#### Material supplied:
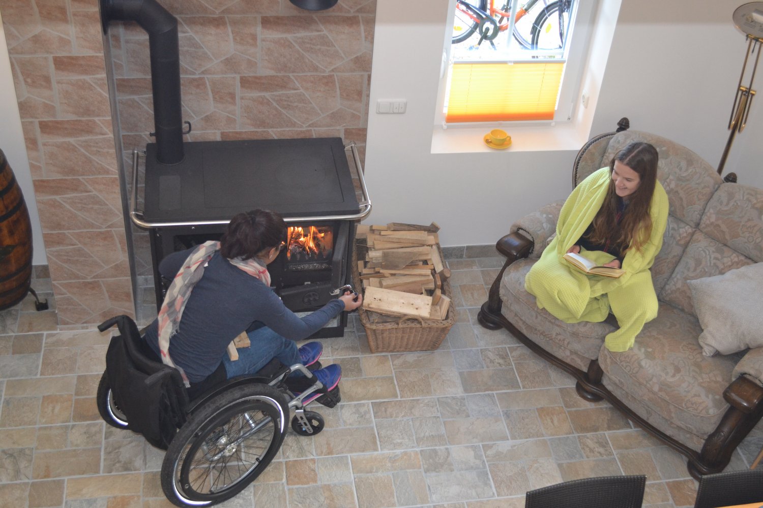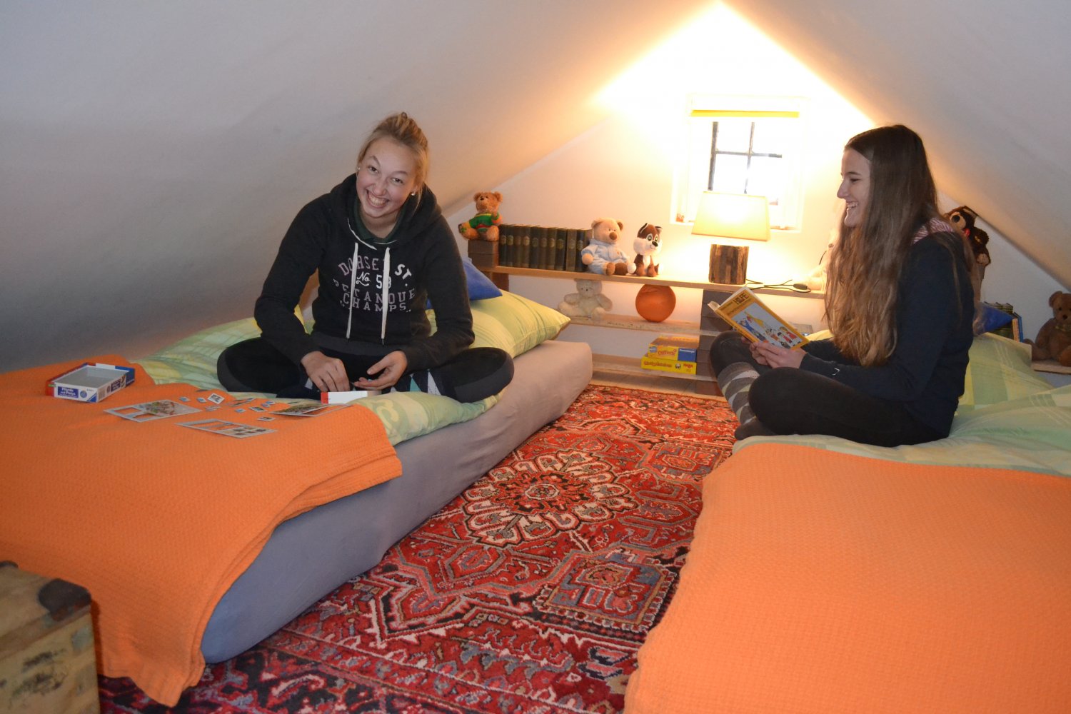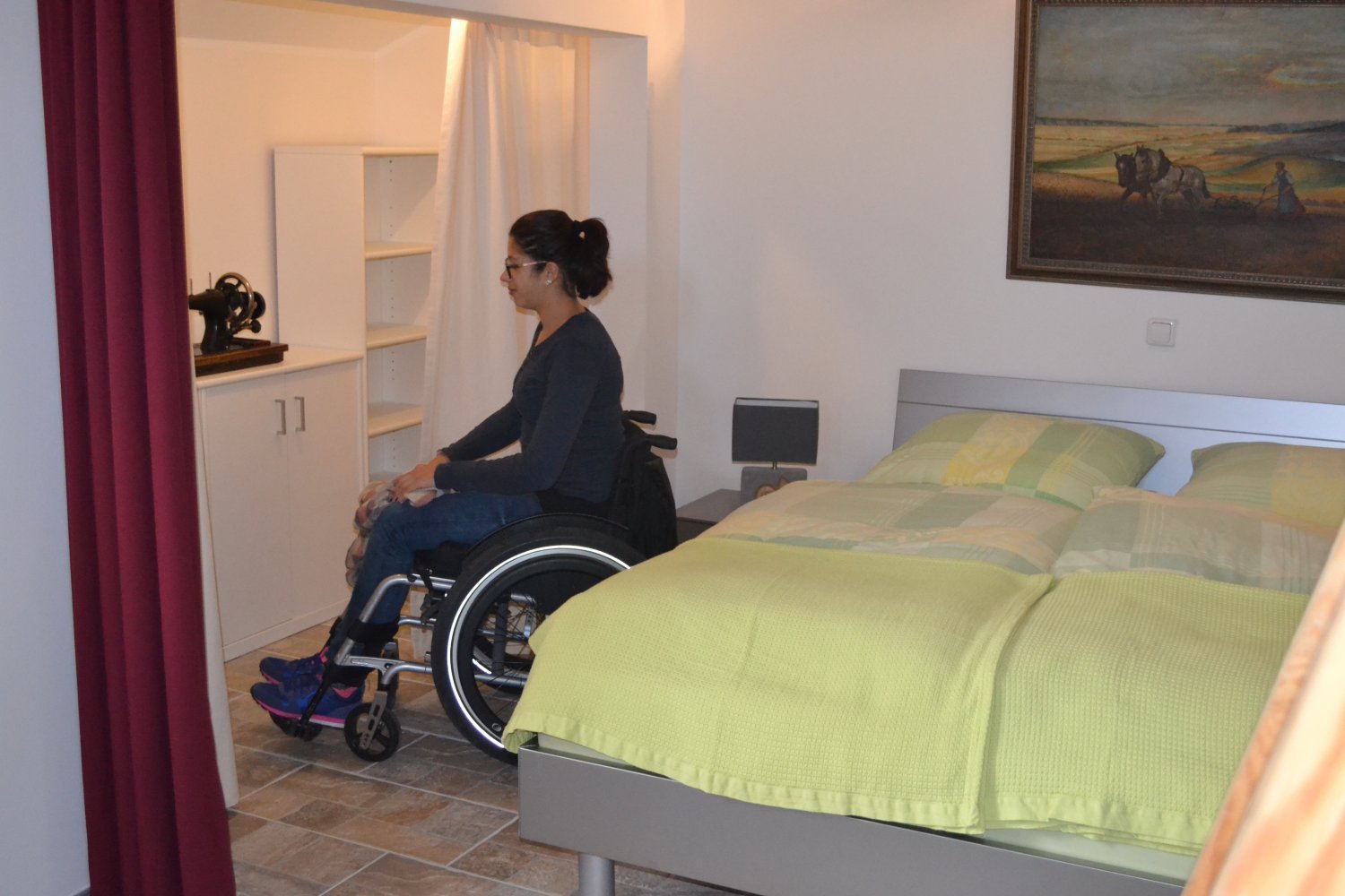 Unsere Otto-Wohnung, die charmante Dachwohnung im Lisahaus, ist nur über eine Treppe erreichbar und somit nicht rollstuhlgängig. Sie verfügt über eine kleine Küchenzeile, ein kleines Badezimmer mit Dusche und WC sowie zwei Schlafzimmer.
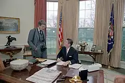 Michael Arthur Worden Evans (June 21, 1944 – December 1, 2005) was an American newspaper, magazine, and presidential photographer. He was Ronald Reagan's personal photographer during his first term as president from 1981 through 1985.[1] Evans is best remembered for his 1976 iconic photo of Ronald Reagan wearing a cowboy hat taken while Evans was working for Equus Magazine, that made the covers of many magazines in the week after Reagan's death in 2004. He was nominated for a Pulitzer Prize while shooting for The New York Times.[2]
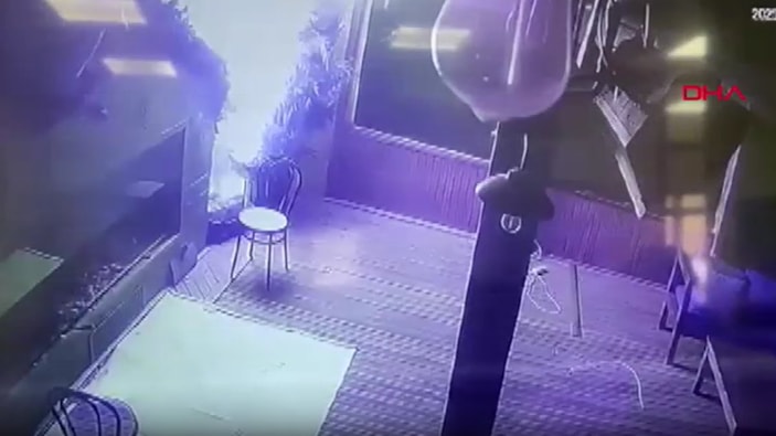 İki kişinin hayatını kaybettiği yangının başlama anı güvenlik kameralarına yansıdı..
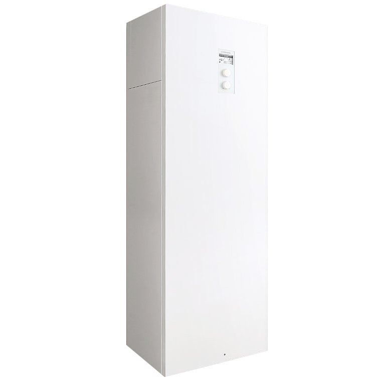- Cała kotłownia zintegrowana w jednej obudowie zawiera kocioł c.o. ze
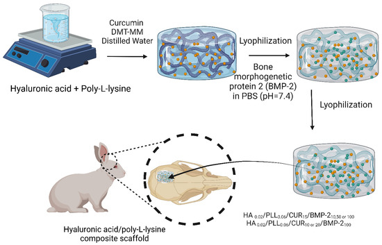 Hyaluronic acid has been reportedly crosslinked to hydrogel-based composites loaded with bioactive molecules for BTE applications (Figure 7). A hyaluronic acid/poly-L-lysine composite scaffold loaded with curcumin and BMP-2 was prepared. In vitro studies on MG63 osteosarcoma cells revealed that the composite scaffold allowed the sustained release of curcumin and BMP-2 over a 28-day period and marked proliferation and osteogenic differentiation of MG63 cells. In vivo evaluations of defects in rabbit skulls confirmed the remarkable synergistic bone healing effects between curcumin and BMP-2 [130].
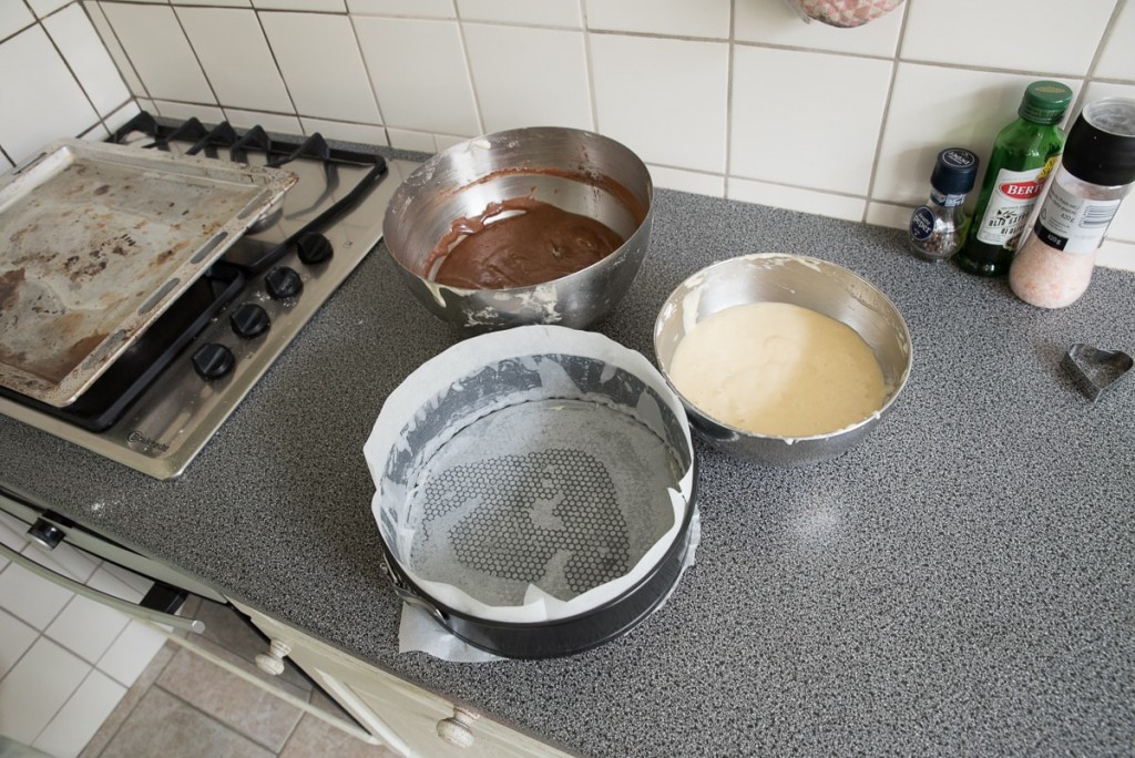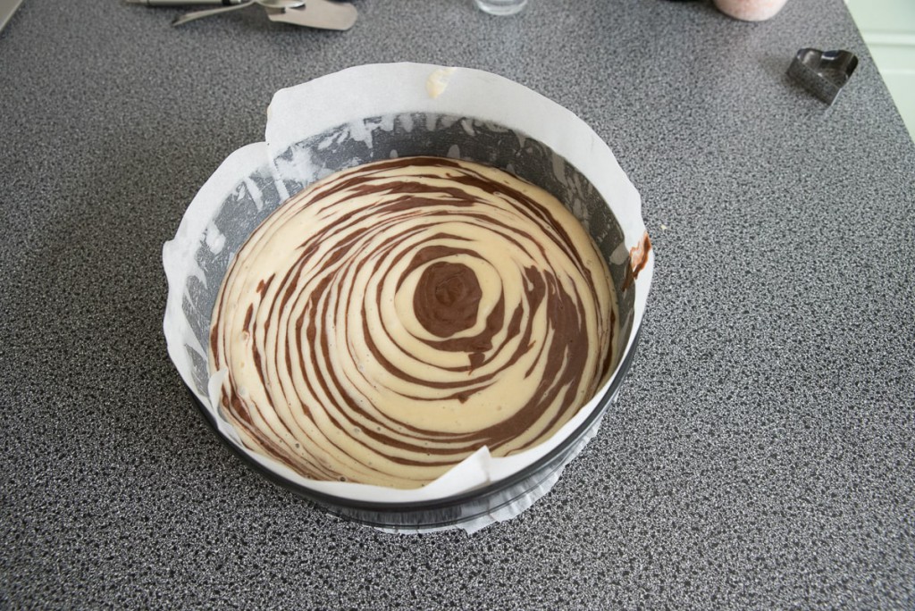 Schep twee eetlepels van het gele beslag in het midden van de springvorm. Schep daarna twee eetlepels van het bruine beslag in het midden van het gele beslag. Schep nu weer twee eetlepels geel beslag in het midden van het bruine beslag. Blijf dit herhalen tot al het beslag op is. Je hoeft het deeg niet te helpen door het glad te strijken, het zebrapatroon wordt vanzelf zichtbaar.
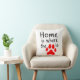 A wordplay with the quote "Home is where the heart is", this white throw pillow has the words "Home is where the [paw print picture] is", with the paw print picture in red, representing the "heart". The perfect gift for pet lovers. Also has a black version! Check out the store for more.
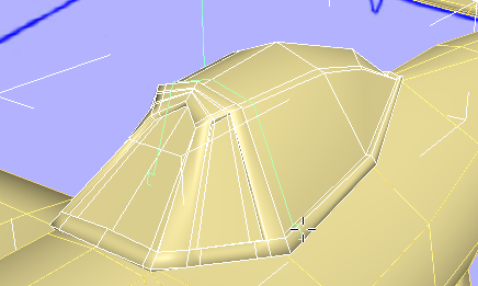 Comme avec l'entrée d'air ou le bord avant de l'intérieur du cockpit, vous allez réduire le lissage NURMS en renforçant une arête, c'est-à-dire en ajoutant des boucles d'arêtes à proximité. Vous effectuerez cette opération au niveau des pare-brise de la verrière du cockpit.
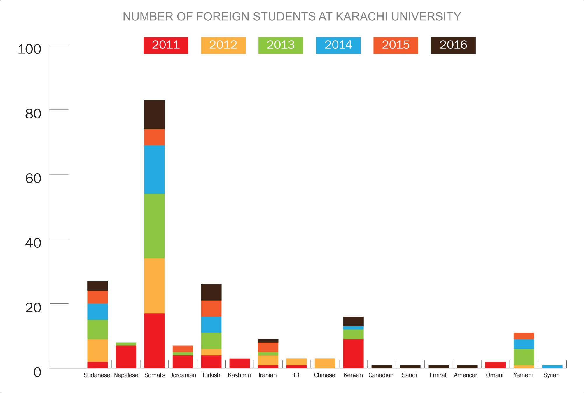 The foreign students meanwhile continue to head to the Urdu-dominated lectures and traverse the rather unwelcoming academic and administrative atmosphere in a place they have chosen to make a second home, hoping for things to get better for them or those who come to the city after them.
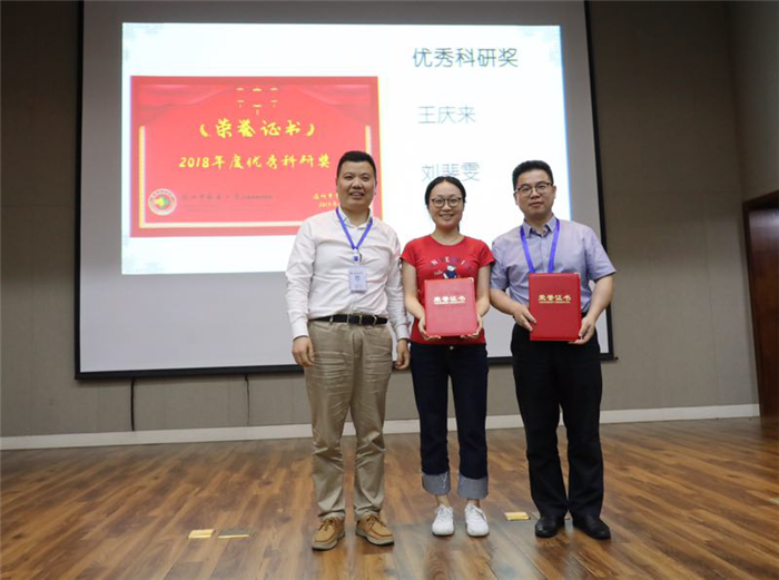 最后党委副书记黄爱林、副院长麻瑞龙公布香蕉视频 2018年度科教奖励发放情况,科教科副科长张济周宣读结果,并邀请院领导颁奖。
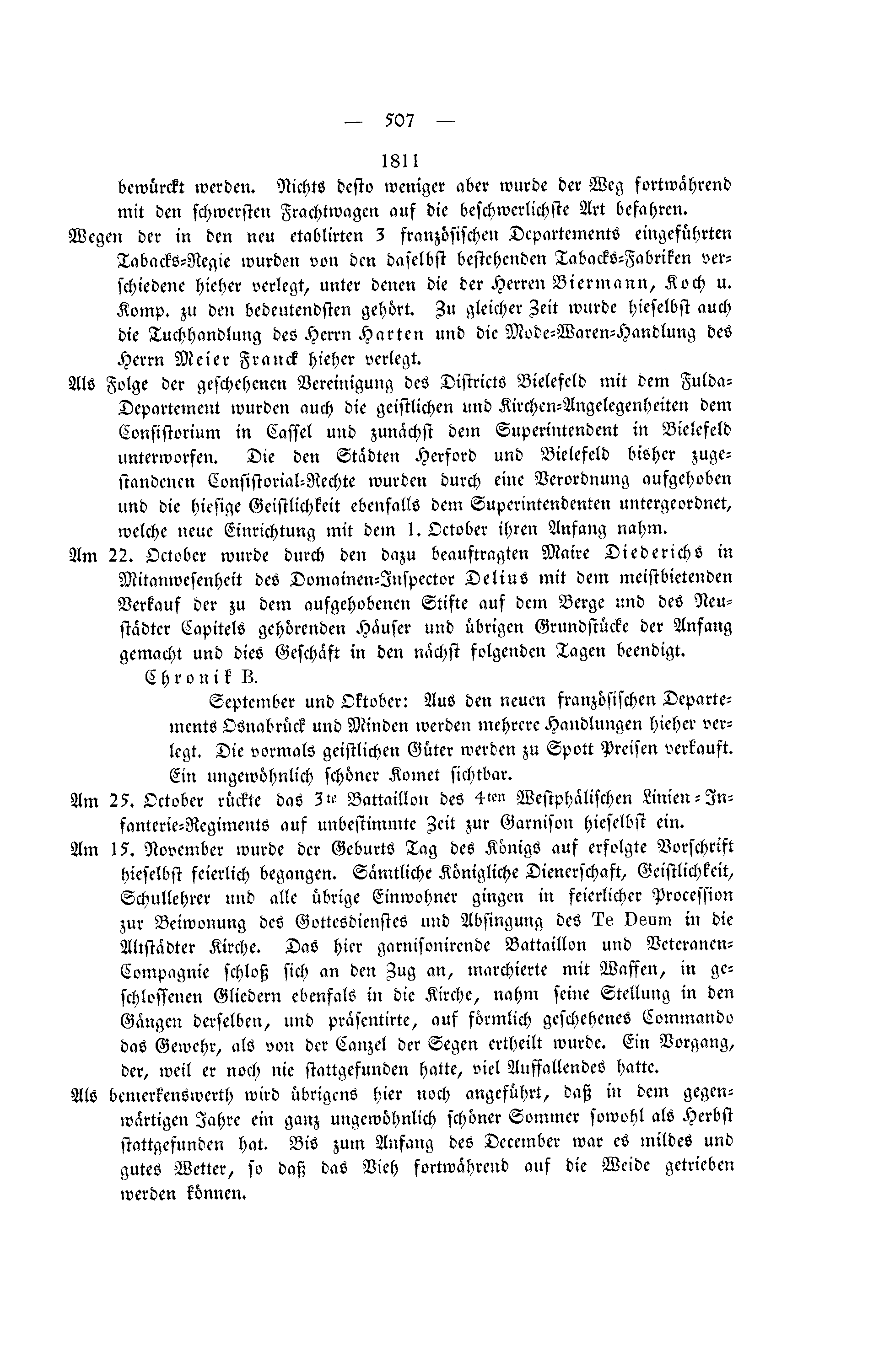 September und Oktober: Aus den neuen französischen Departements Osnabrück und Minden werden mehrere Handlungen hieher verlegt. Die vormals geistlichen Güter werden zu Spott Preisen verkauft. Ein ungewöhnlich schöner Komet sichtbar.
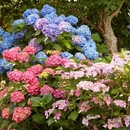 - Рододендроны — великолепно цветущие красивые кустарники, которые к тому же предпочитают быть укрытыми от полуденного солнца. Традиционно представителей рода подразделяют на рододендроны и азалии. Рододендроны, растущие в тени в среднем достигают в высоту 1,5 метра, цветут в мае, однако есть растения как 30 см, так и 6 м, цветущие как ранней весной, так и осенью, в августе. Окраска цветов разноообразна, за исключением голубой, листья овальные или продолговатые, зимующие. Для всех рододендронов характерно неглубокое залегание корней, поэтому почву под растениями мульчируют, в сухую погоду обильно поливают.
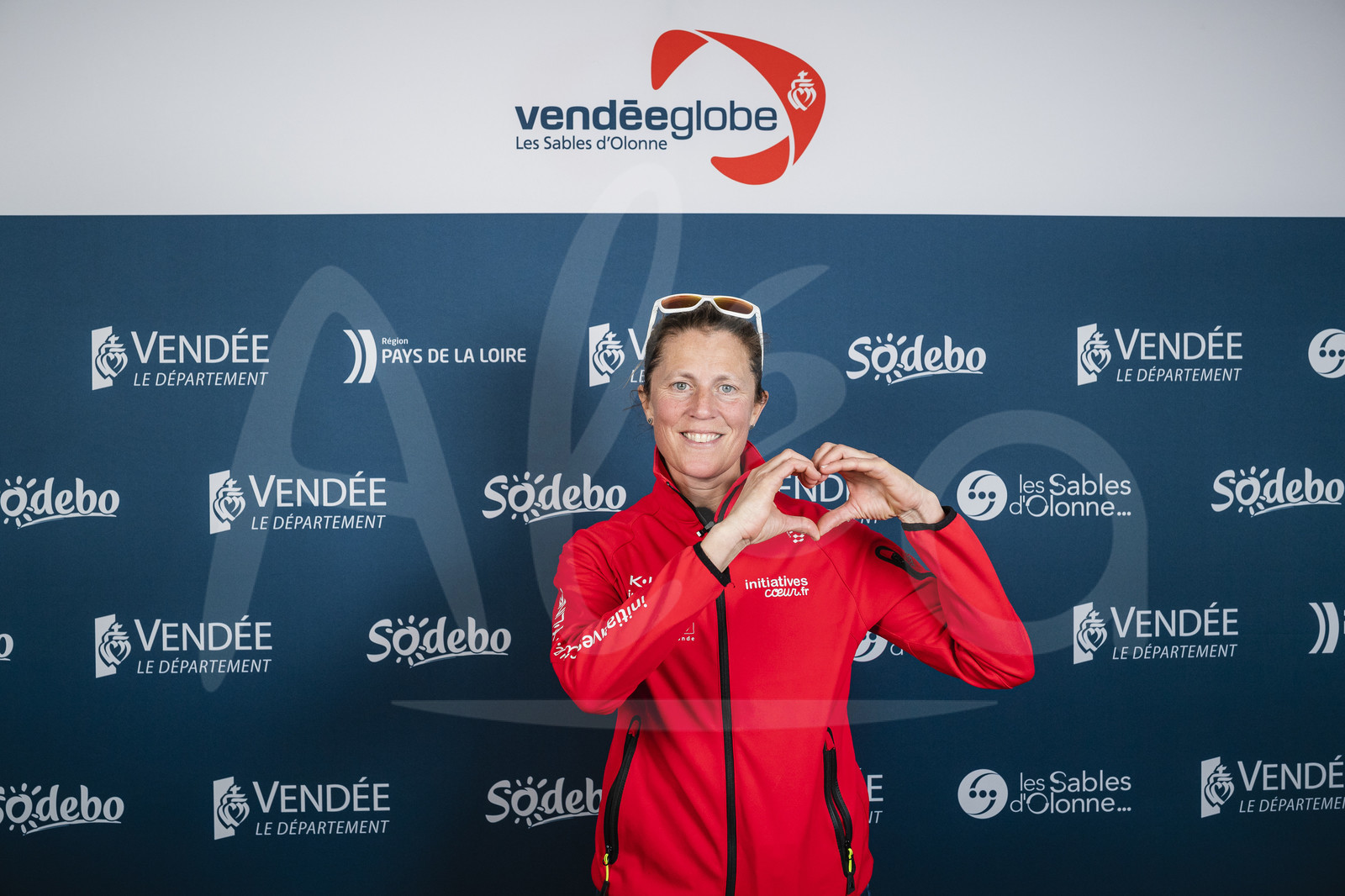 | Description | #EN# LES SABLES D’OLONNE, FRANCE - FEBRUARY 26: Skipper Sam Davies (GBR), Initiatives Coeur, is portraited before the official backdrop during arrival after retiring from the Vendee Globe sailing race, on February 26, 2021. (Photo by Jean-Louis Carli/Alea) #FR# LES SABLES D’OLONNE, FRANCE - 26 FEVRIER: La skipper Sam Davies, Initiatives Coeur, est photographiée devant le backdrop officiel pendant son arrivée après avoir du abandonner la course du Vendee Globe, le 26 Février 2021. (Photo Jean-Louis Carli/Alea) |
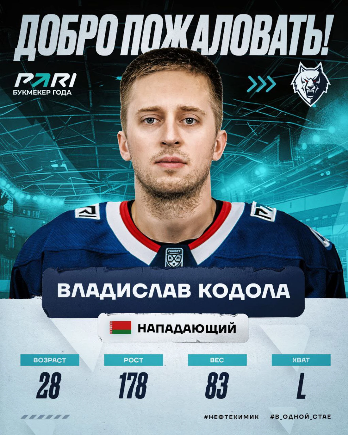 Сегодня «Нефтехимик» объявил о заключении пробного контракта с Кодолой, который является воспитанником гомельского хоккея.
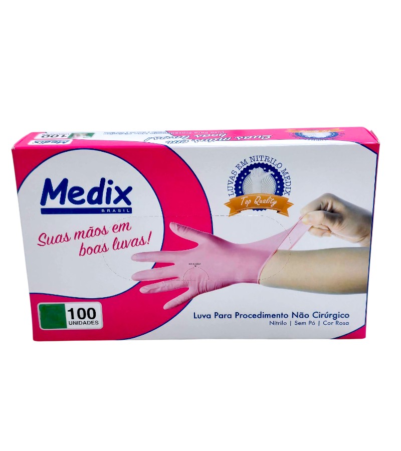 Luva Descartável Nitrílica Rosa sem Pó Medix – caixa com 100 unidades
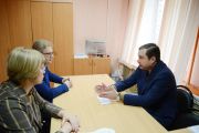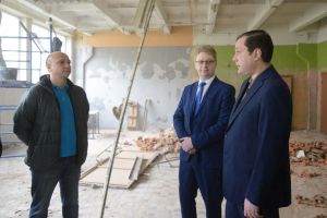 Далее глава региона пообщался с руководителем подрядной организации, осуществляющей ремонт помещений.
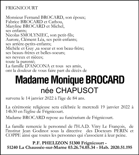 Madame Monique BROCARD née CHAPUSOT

#### What needs to be done:
Please print exactly the lines from the line containing "Luva Descartável Nitrílica" through the end of the records above, both included, leaving out every picture.

#### Exercise response:
 Luva Descartável Nitrílica Rosa sem Pó Medix – caixa com 100 unidades
 Далее глава региона пообщался с руководителем подрядной организации, осуществляющей ремонт помещений.
 Madame Monique BROCARD née CHAPUSOT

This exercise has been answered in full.